Work to complete ▸
Print, from the listing below, the lines starting at the line containing "Photo Caption : NR" and ending at the line containing "A closer look", exactly as they stand, and print nothing else.

Data ▸
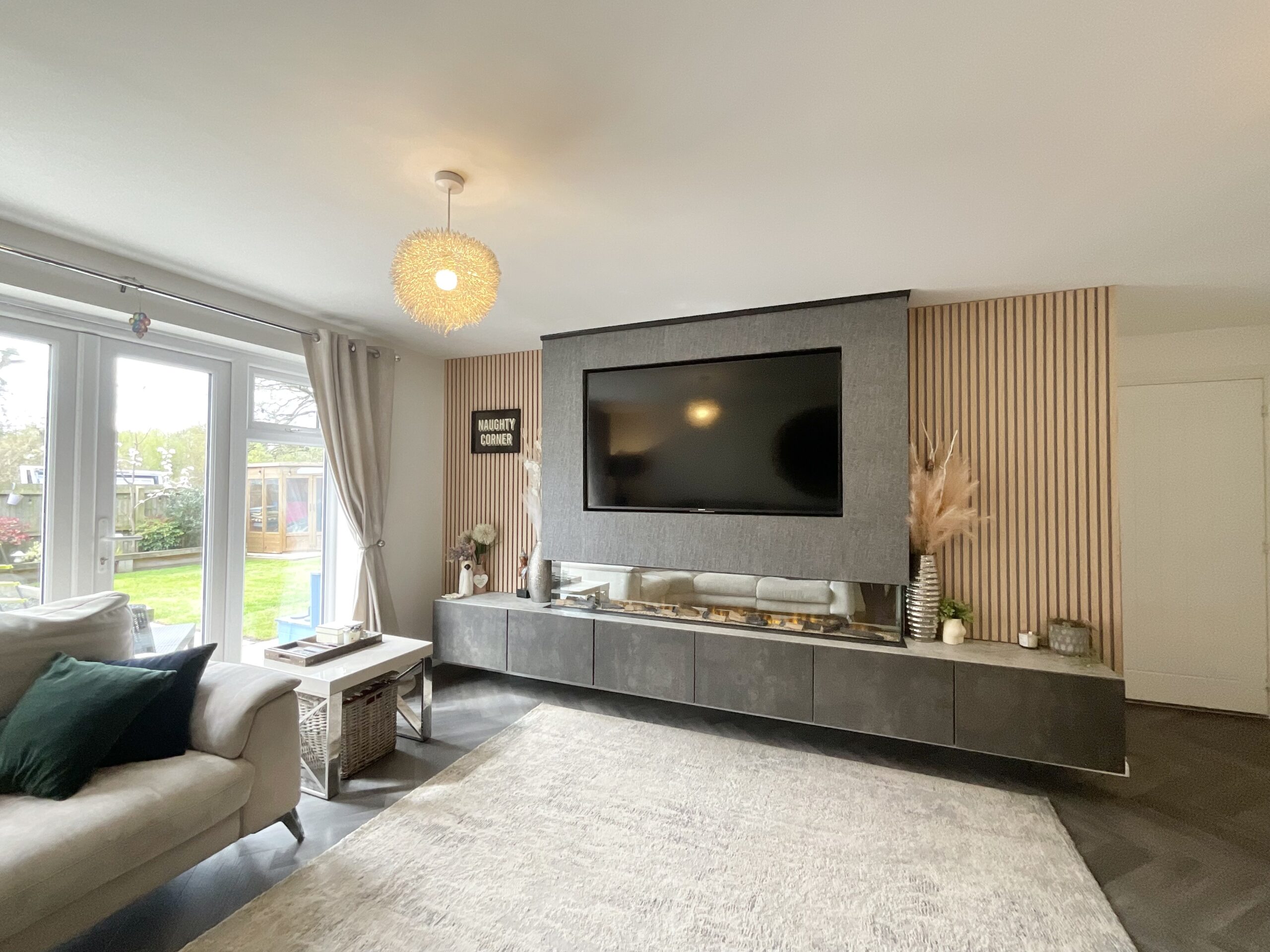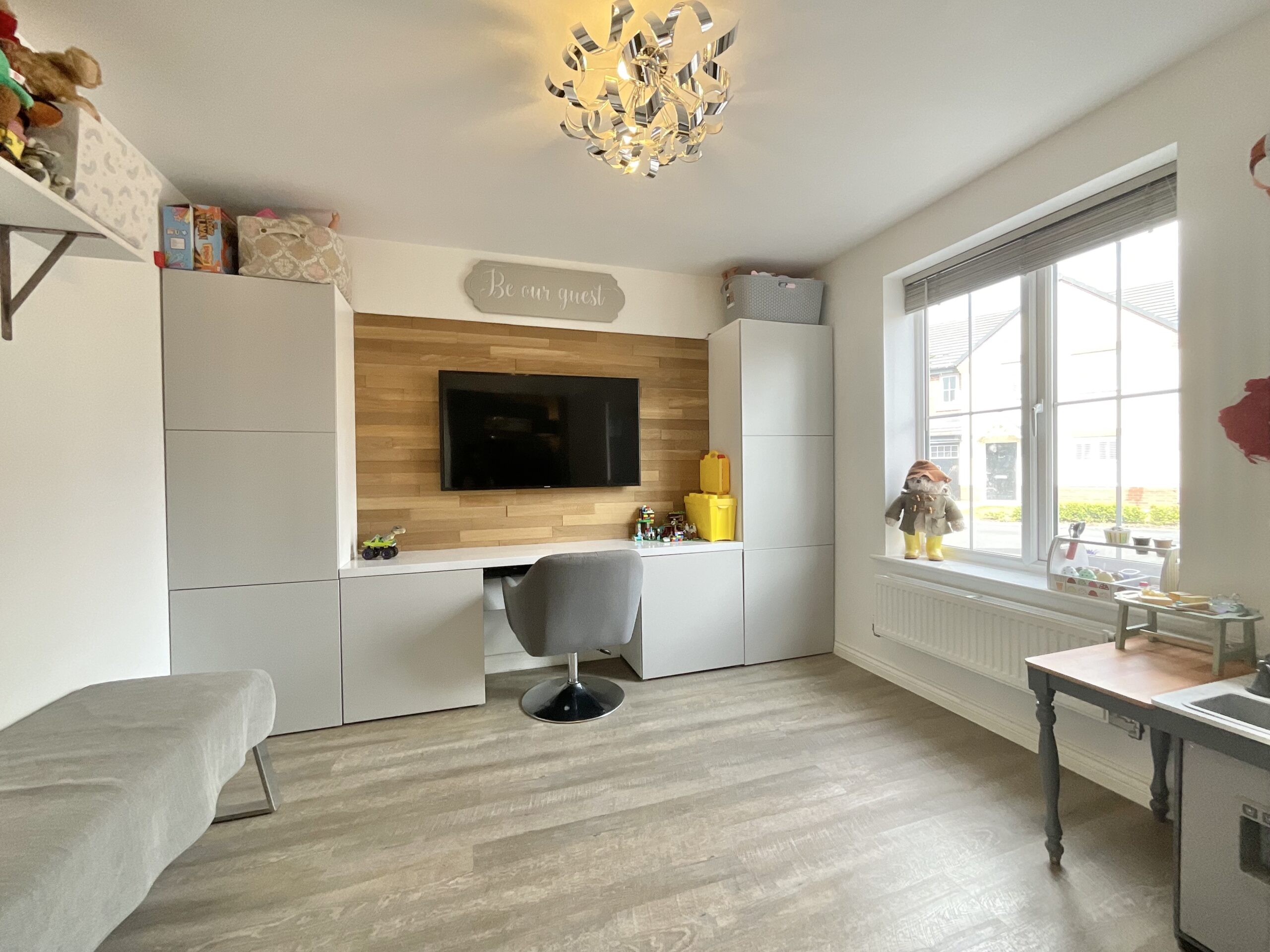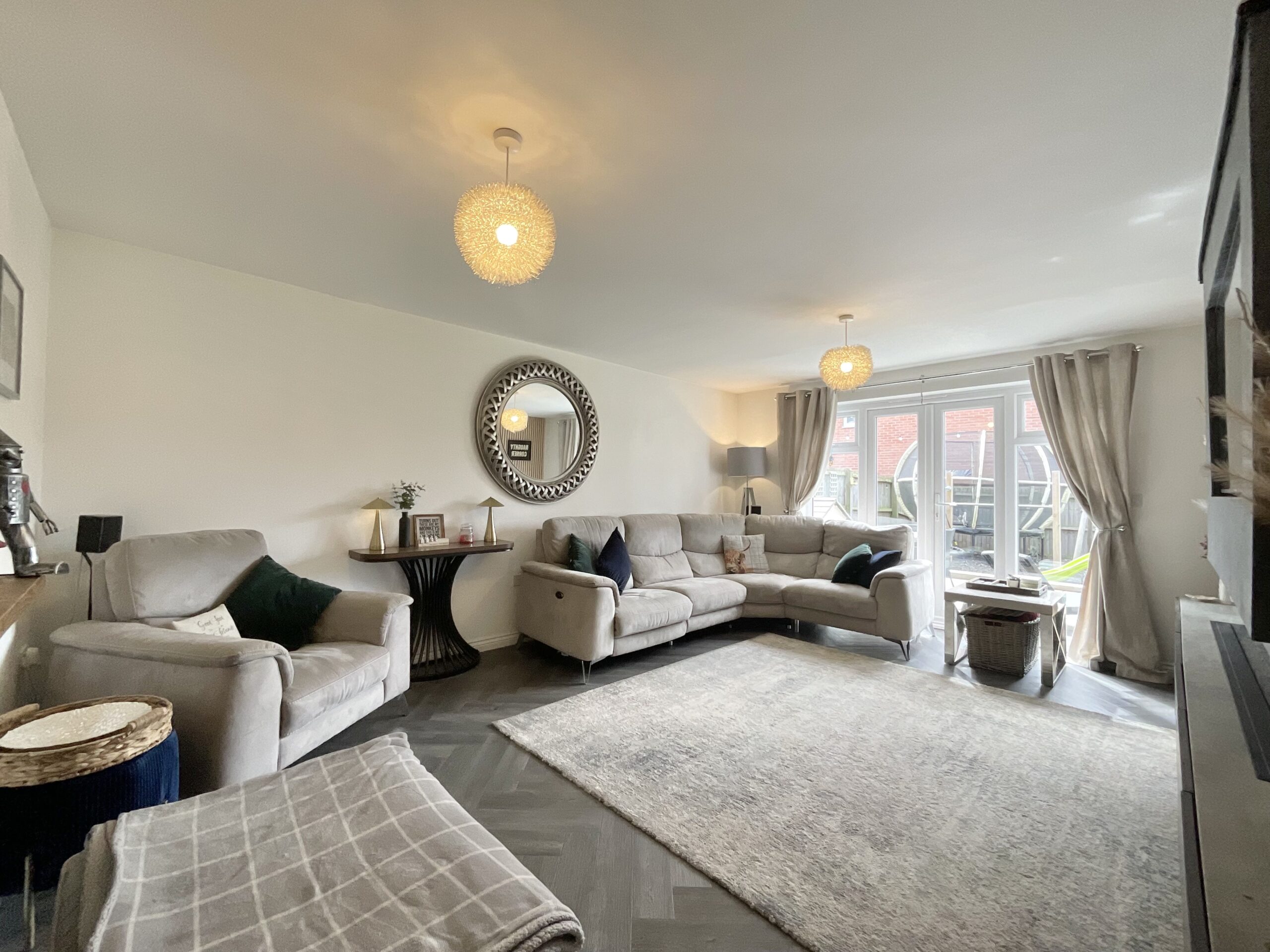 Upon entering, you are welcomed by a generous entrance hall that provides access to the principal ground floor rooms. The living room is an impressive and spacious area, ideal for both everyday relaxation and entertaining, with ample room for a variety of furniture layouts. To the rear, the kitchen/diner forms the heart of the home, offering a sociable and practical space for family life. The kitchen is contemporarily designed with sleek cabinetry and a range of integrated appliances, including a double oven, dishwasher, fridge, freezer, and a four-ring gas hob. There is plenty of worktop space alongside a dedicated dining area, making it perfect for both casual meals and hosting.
==
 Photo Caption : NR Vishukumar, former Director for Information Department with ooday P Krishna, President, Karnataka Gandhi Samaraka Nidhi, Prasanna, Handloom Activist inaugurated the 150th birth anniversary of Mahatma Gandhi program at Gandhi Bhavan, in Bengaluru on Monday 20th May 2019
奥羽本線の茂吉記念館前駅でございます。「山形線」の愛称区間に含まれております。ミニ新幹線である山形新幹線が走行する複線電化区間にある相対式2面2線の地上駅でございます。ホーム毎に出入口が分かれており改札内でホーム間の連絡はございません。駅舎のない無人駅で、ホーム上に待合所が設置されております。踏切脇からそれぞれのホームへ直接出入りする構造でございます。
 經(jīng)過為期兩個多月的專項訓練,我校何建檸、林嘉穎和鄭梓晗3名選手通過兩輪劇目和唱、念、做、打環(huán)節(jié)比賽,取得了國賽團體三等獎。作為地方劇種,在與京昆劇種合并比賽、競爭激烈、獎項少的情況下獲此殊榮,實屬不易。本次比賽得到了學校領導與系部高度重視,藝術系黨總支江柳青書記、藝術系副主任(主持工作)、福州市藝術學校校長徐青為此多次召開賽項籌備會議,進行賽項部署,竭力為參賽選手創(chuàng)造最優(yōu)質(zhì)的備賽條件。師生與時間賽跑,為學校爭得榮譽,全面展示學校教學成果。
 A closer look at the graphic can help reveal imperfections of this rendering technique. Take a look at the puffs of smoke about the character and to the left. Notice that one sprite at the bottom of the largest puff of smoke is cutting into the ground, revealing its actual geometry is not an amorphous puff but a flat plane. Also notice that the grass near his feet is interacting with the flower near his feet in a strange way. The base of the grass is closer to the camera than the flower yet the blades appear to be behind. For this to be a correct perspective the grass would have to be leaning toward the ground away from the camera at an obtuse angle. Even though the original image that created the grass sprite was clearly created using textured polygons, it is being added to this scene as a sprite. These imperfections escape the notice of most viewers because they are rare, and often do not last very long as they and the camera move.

Answer area ▸
 Photo Caption : NR Vishukumar, former Director for Information Department with ooday P Krishna, President, Karnataka Gandhi Samaraka Nidhi, Prasanna, Handloom Activist inaugurated the 150th birth anniversary of Mahatma Gandhi program at Gandhi Bhavan, in Bengaluru on Monday 20th May 2019
奥羽本線の茂吉記念館前駅でございます。「山形線」の愛称区間に含まれております。ミニ新幹線である山形新幹線が走行する複線電化区間にある相対式2面2線の地上駅でございます。ホーム毎に出入口が分かれており改札内でホーム間の連絡はございません。駅舎のない無人駅で、ホーム上に待合所が設置されております。踏切脇からそれぞれのホームへ直接出入りする構造でございます。
 經(jīng)過為期兩個多月的專項訓練,我校何建檸、林嘉穎和鄭梓晗3名選手通過兩輪劇目和唱、念、做、打環(huán)節(jié)比賽,取得了國賽團體三等獎。作為地方劇種,在與京昆劇種合并比賽、競爭激烈、獎項少的情況下獲此殊榮,實屬不易。本次比賽得到了學校領導與系部高度重視,藝術系黨總支江柳青書記、藝術系副主任(主持工作)、福州市藝術學校校長徐青為此多次召開賽項籌備會議,進行賽項部署,竭力為參賽選手創(chuàng)造最優(yōu)質(zhì)的備賽條件。師生與時間賽跑,為學校爭得榮譽,全面展示學校教學成果。
 A closer look at the graphic can help reveal imperfections of this rendering technique. Take a look at the puffs of smoke about the character and to the left. Notice that one sprite at the bottom of the largest puff of smoke is cutting into the ground, revealing its actual geometry is not an amorphous puff but a flat plane. Also notice that the grass near his feet is interacting with the flower near his feet in a strange way. The base of the grass is closer to the camera than the flower yet the blades appear to be behind. For this to be a correct perspective the grass would have to be leaning toward the ground away from the camera at an obtuse angle. Even though the original image that created the grass sprite was clearly created using textured polygons, it is being added to this scene as a sprite. These imperfections escape the notice of most viewers because they are rare, and often do not last very long as they and the camera move.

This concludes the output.